**PROVIDED MATERIAL**
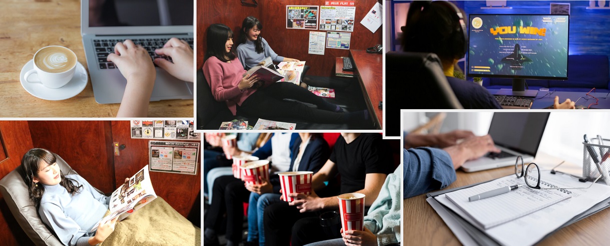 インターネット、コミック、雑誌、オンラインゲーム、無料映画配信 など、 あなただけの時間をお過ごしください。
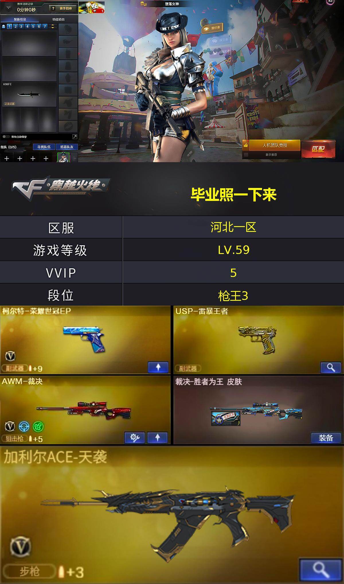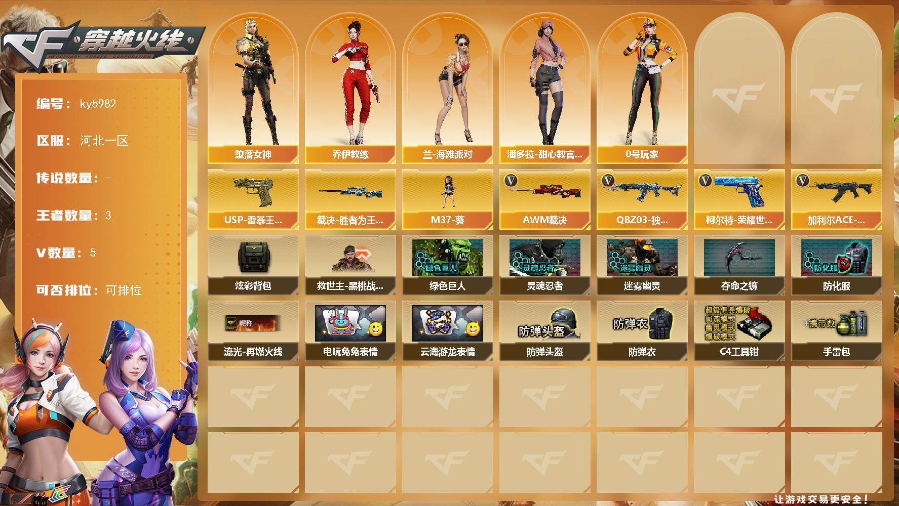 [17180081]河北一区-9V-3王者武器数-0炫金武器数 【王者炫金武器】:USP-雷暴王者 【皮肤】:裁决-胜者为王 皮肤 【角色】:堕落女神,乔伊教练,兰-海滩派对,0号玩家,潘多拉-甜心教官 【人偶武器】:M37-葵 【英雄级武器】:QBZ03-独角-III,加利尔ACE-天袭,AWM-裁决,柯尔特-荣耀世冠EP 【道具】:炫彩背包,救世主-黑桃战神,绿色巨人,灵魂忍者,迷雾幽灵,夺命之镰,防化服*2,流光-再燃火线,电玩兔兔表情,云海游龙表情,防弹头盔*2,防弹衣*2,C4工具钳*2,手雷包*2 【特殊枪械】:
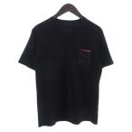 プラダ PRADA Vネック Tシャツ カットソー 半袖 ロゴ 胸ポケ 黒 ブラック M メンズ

**PROMPT**
Could you repeat all of the material exactly? Pictures should not be copied.

**TASK OUTPUT**
 インターネット、コミック、雑誌、オンラインゲーム、無料映画配信 など、 あなただけの時間をお過ごしください。
 [17180081]河北一区-9V-3王者武器数-0炫金武器数 【王者炫金武器】:USP-雷暴王者 【皮肤】:裁决-胜者为王 皮肤 【角色】:堕落女神,乔伊教练,兰-海滩派对,0号玩家,潘多拉-甜心教官 【人偶武器】:M37-葵 【英雄级武器】:QBZ03-独角-III,加利尔ACE-天袭,AWM-裁决,柯尔特-荣耀世冠EP 【道具】:炫彩背包,救世主-黑桃战神,绿色巨人,灵魂忍者,迷雾幽灵,夺命之镰,防化服*2,流光-再燃火线,电玩兔兔表情,云海游龙表情,防弹头盔*2,防弹衣*2,C4工具钳*2,手雷包*2 【特殊枪械】:
 プラダ PRADA Vネック Tシャツ カットソー 半袖 ロゴ 胸ポケ 黒 ブラック M メンズ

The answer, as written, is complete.